#### DIRECTIONS:
Reproduce, exactly and in full, the lines from the one with "PICASSO. Dessins 27.3.66-15.3.68." through the one with "Хризантемы бигуди с" in the data below; drop pictures.

╔══

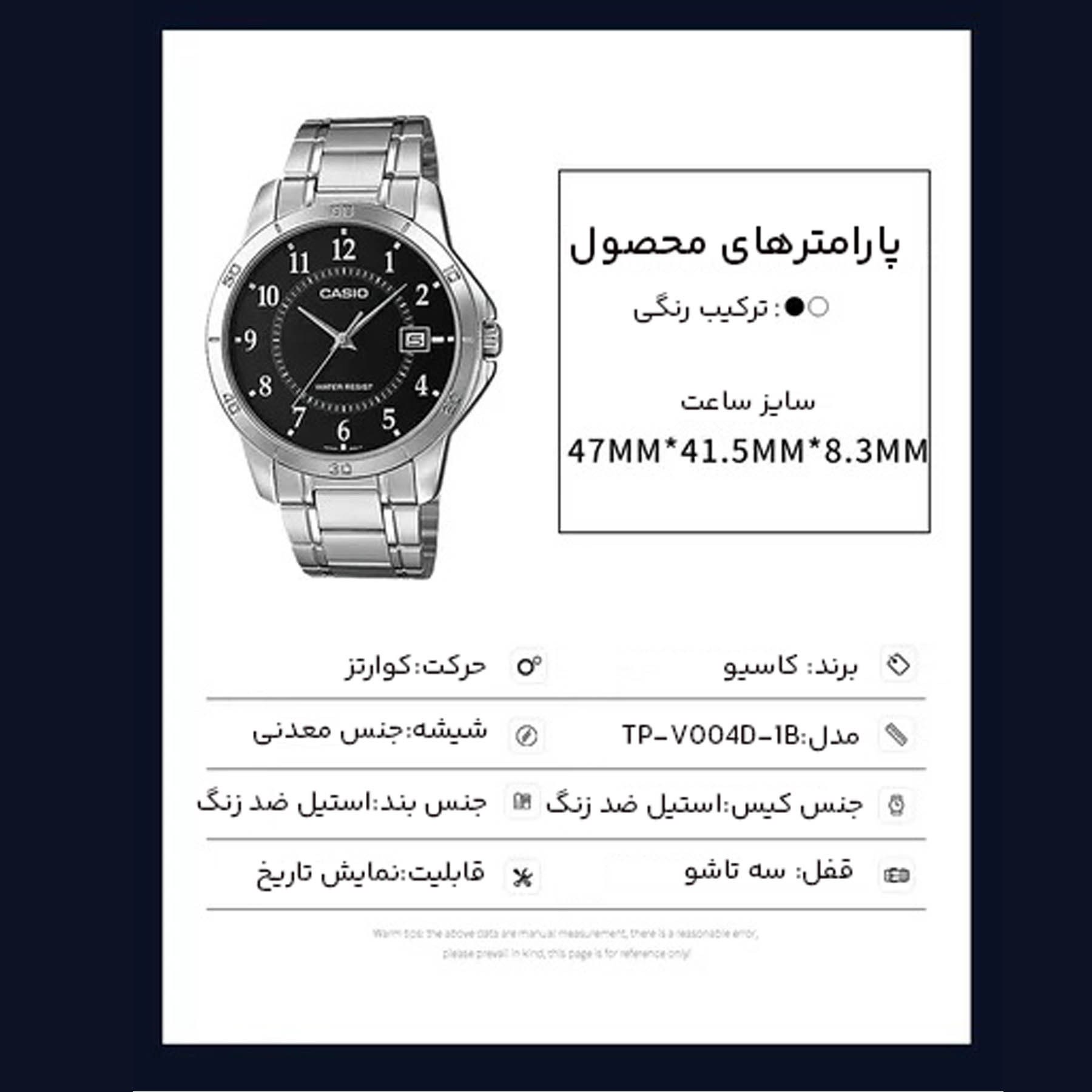 - قطر صفحه ساعت41.5 میلیمتر
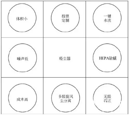 瑞士可水洗医疗级HEPA过滤。过滤效果可高达99.97%。了解了将要推广的吸尘器之后,假如文案创作者要用九宫格思考法来为这款产品创作文案,其九宫格图可以参照下图来写。
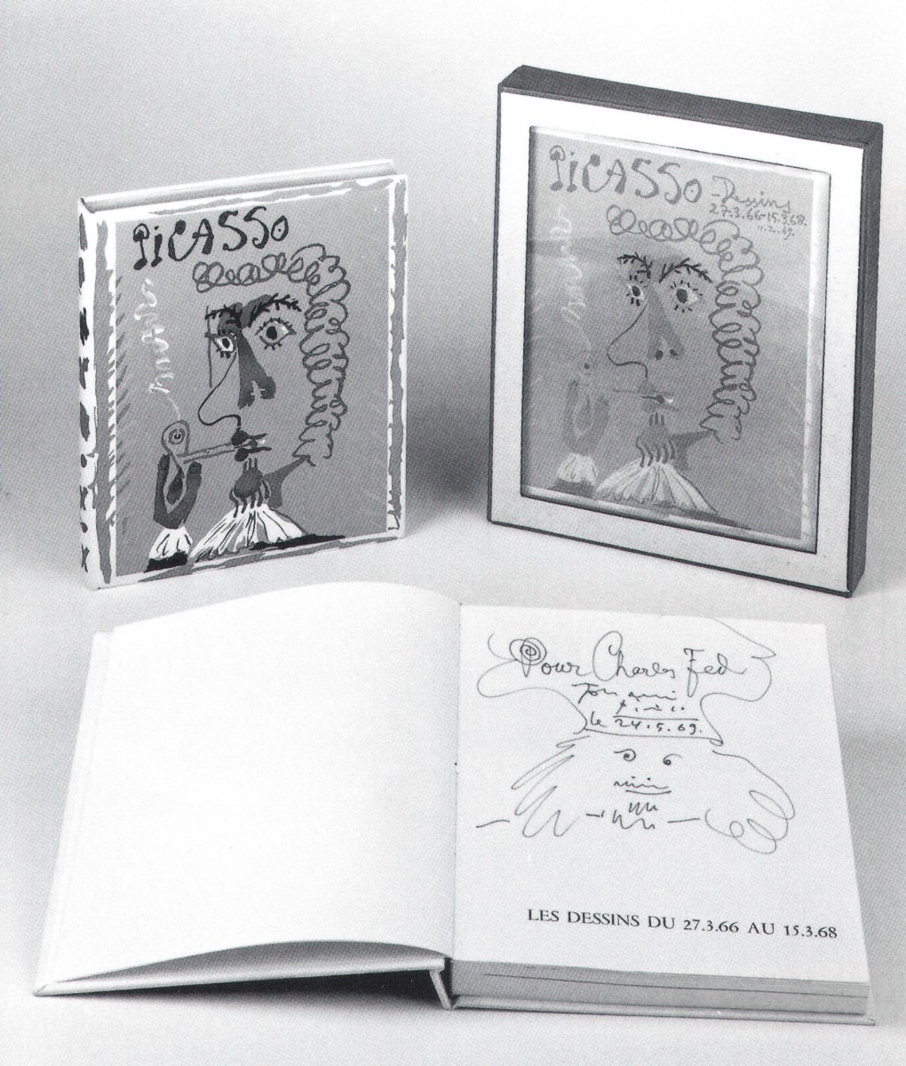 PICASSO. Dessins 27.3.66-15.3.68. Ed. Cercle d'Art, 1969. In-4° toile décorée. Un des 25 ex. HC réservés à l'Artiste. Avec une grande composition originale au feutre bleu, signée et dédicacée à Charles Feld. Sous coffret avec fenêtre en plexiglas. Sans la litho. originale.
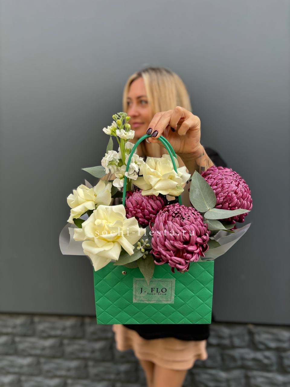 Хризантемы бигуди с их игривой текстурой задают ритм всей композиции. Маттиола добавляет мягкости, а розы завершают образ. Всё это собрано в удобной сумке, готовой к переноске.
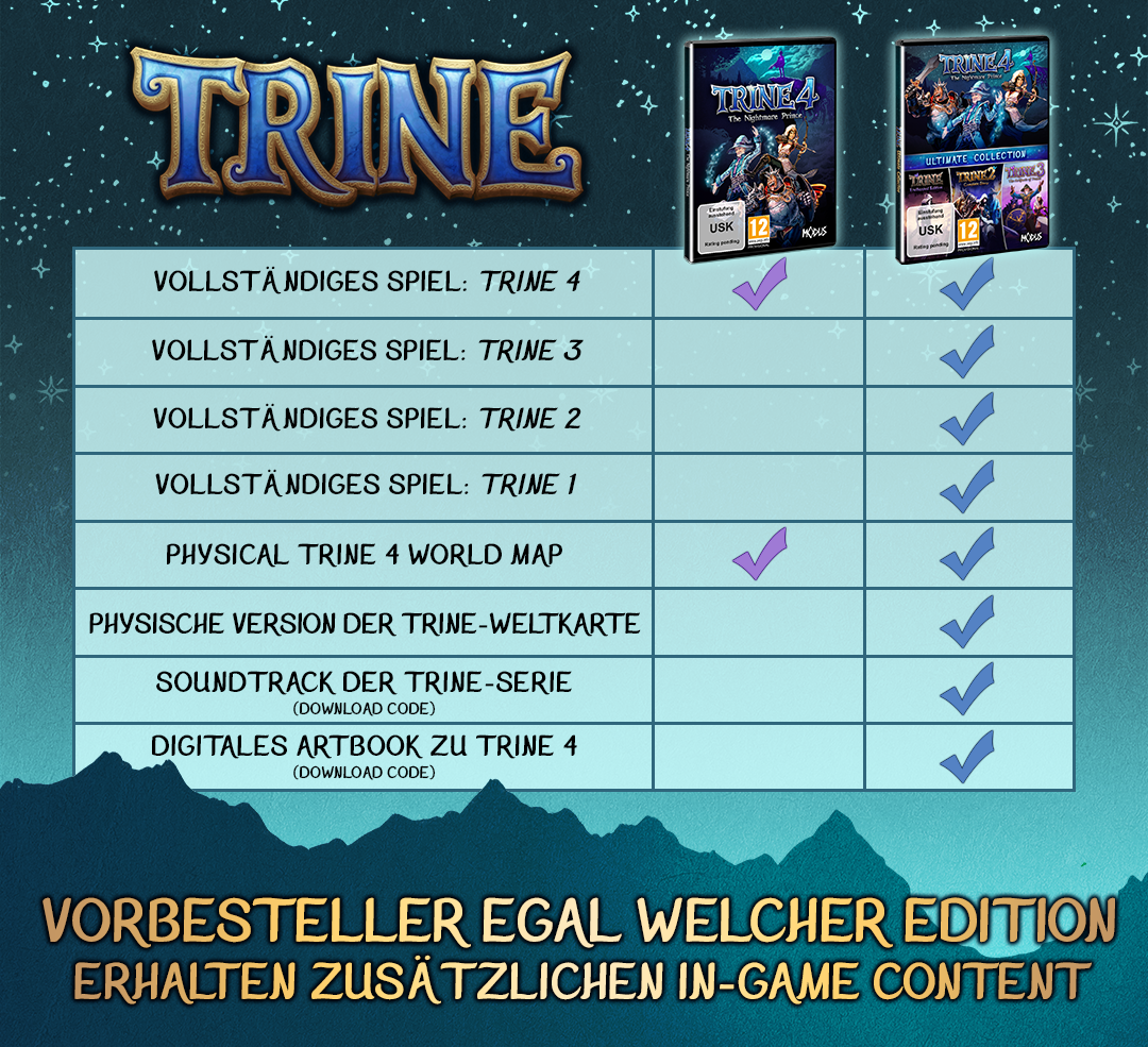 Zusammen mit dem vierten Teil der Serie veröffentlichen Modus Games die Trine: Ultimate Collection. Die mit reichlich Bonus Material ausgestattete Sammlung enthält die Trine: Enchanted Edition, Trine 2: Complete Story, Trine 3: The Artifacts of Power und Trine 4: The Nightmare Prince und erscheint ebenfalls für die PS4.
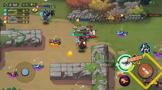 2、通过虚拟摇杆控制走位和射击方向,利用弓箭或者捡到的武器击败你的对手。
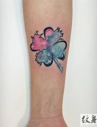 彩色泼墨纹身荷花鱼纹身动物图案纹身

╚══

#### RESULT OF THE TASK:
 PICASSO. Dessins 27.3.66-15.3.68. Ed. Cercle d'Art, 1969. In-4° toile décorée. Un des 25 ex. HC réservés à l'Artiste. Avec une grande composition originale au feutre bleu, signée et dédicacée à Charles Feld. Sous coffret avec fenêtre en plexiglas. Sans la litho. originale.
 Хризантемы бигуди с их игривой текстурой задают ритм всей композиции. Маттиола добавляет мягкости, а розы завершают образ. Всё это собрано в удобной сумке, готовой к переноске.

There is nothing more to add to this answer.